▸ ENTRIES PROVIDED:
◇ ◇ ◇

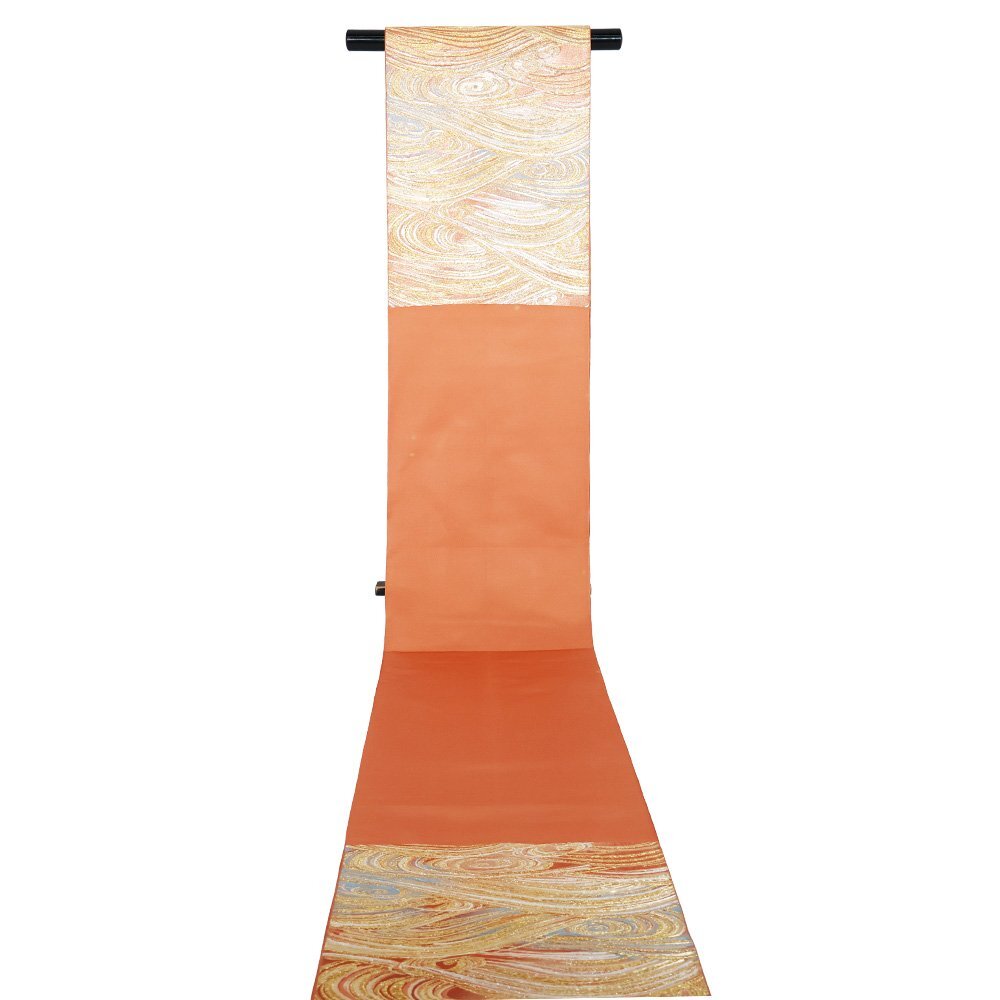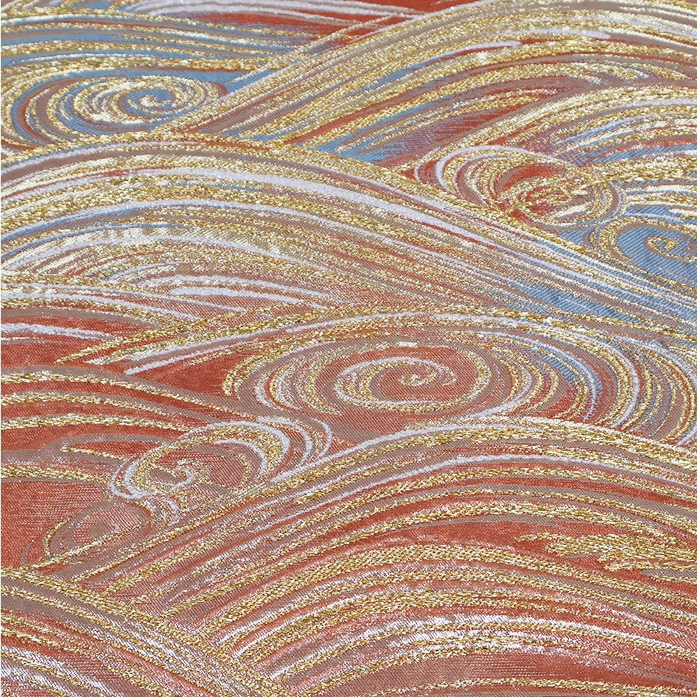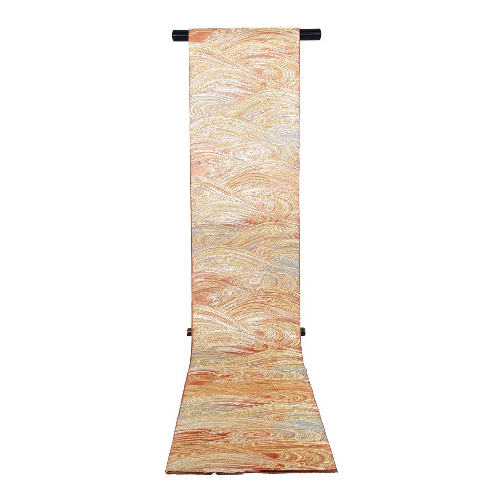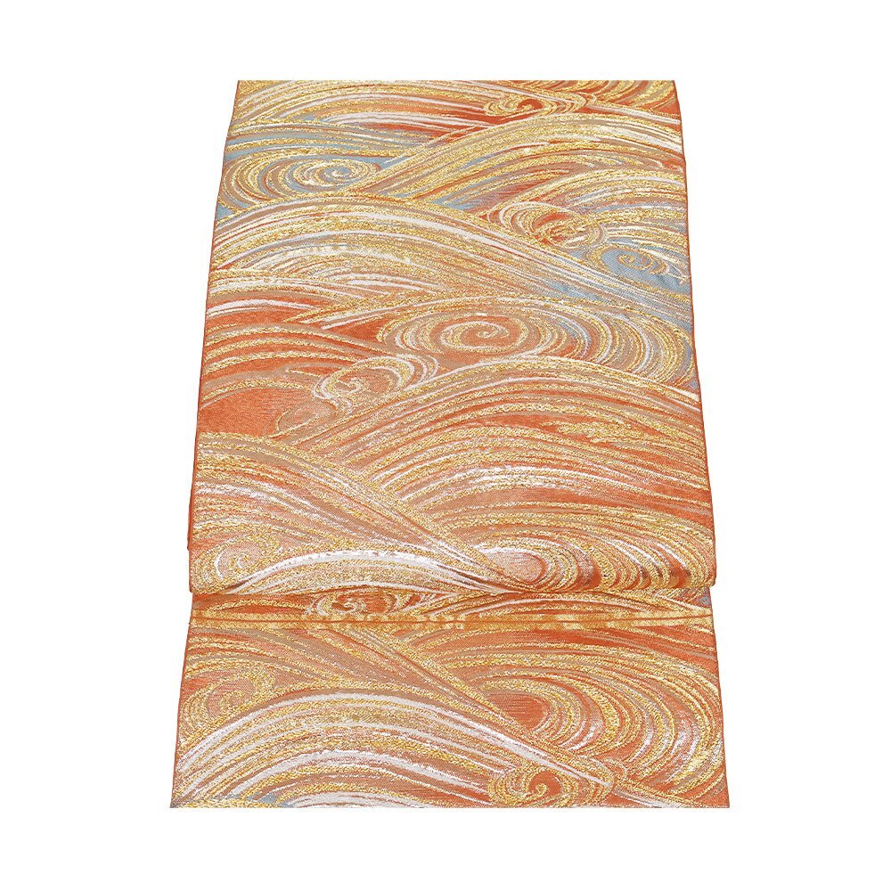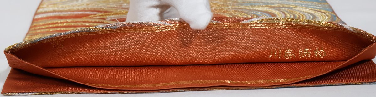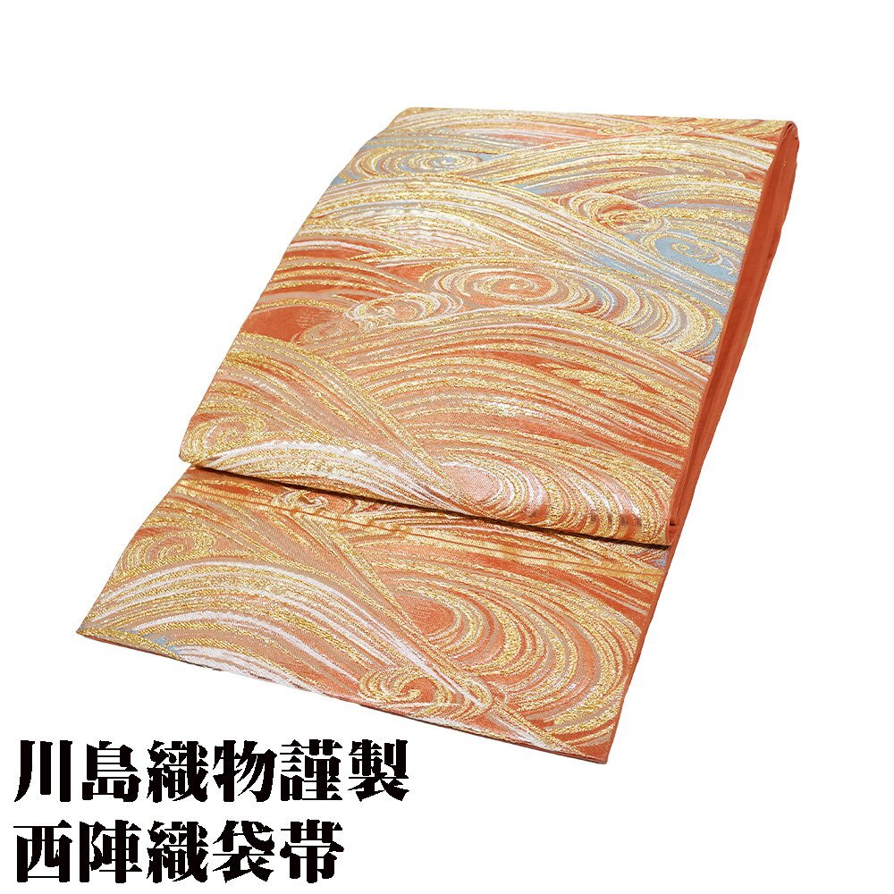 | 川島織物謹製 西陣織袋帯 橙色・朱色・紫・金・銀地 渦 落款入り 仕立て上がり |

◇ ◇ ◇

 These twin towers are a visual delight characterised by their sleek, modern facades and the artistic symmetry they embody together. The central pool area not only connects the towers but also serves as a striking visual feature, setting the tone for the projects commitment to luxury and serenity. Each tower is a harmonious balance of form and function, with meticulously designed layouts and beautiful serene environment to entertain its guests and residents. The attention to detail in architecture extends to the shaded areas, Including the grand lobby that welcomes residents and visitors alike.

◇ ◇ ◇

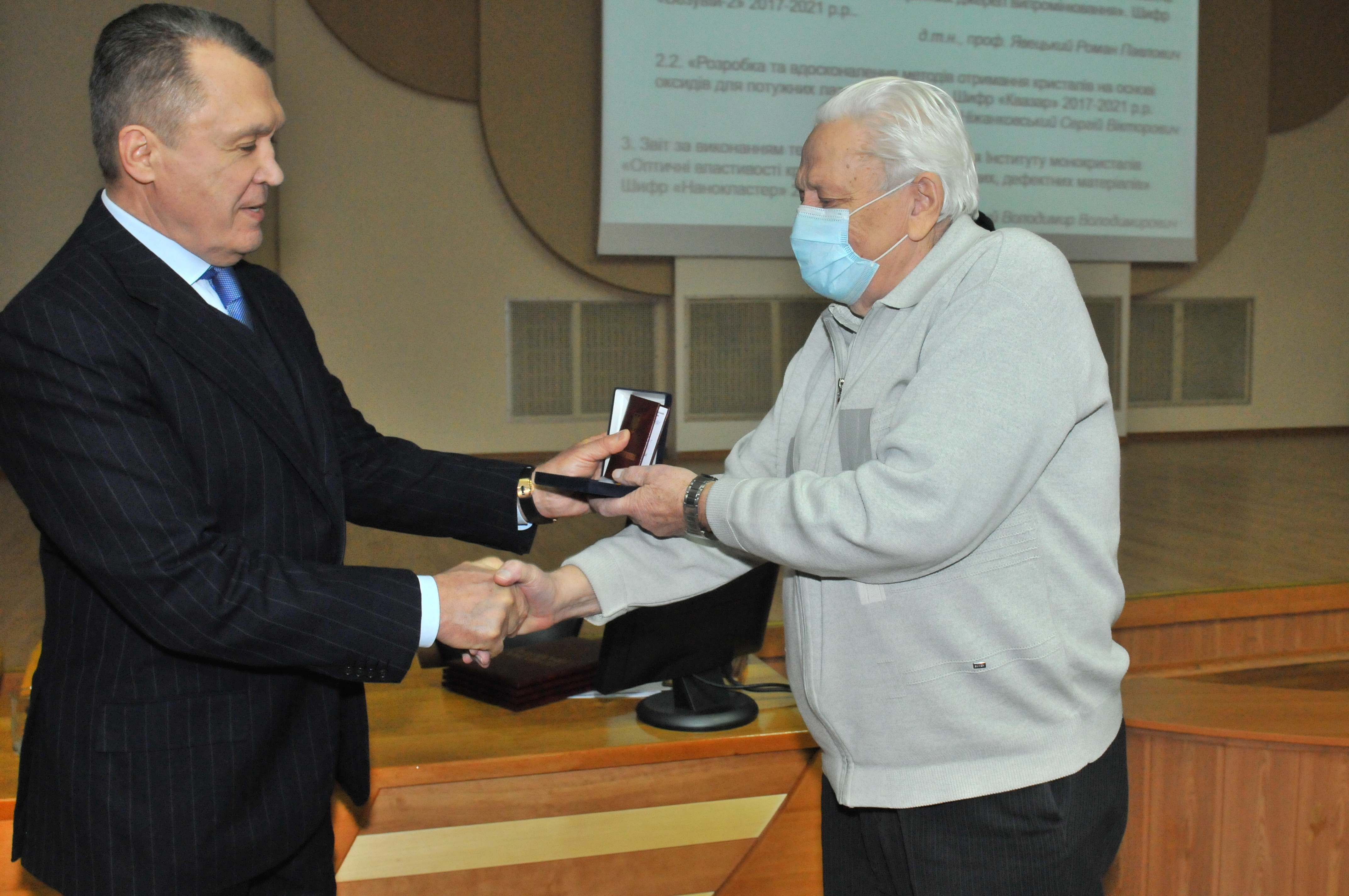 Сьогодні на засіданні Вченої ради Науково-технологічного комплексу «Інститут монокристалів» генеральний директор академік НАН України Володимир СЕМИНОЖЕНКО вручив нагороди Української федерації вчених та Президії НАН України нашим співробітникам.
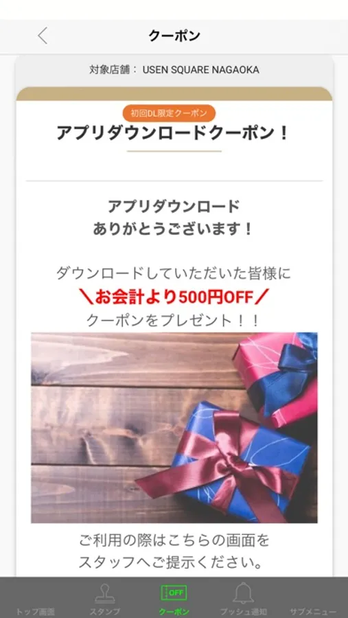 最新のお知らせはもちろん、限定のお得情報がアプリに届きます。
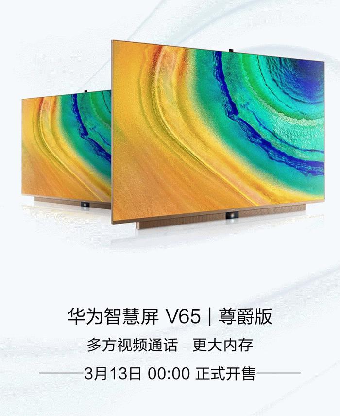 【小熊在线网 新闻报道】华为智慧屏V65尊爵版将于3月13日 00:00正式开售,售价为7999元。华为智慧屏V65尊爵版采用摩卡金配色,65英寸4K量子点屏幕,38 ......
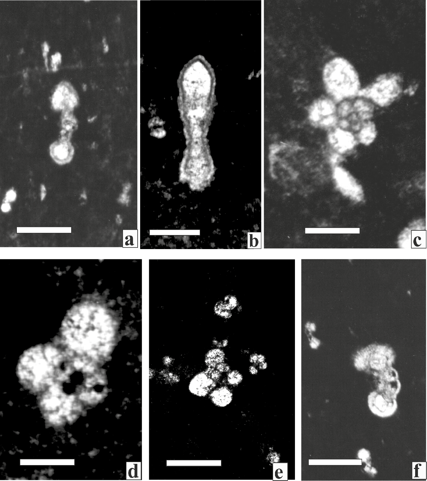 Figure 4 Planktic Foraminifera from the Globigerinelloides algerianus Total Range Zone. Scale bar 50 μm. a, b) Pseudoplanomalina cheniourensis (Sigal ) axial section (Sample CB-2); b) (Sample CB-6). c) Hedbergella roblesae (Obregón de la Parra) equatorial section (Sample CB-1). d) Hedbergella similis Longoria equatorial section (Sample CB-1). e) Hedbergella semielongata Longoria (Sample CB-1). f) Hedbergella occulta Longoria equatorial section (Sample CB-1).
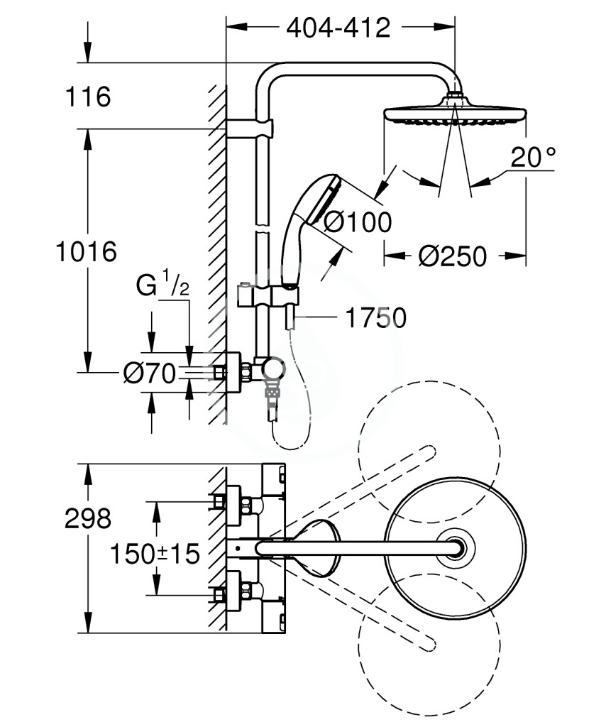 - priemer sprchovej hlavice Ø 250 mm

◇ ◇ ◇

▸ EXERCISE OBJECTIVE: Exact copy, no pictures. Write out the lines in the entries above, starting with the line with "最新のお知らせはもちろん、限定のお得情報がアプリに届きます。" and going on through the line with "- priemer sprchovej hlavice Ø 250 mm", keeping both.

▸ ANSWER TO THIS TASK:
 最新のお知らせはもちろん、限定のお得情報がアプリに届きます。
 【小熊在线网 新闻报道】华为智慧屏V65尊爵版将于3月13日 00:00正式开售,售价为7999元。华为智慧屏V65尊爵版采用摩卡金配色,65英寸4K量子点屏幕,38 ......
 Figure 4 Planktic Foraminifera from the Globigerinelloides algerianus Total Range Zone. Scale bar 50 μm. a, b) Pseudoplanomalina cheniourensis (Sigal ) axial section (Sample CB-2); b) (Sample CB-6). c) Hedbergella roblesae (Obregón de la Parra) equatorial section (Sample CB-1). d) Hedbergella similis Longoria equatorial section (Sample CB-1). e) Hedbergella semielongata Longoria (Sample CB-1). f) Hedbergella occulta Longoria equatorial section (Sample CB-1).
 - priemer sprchovej hlavice Ø 250 mm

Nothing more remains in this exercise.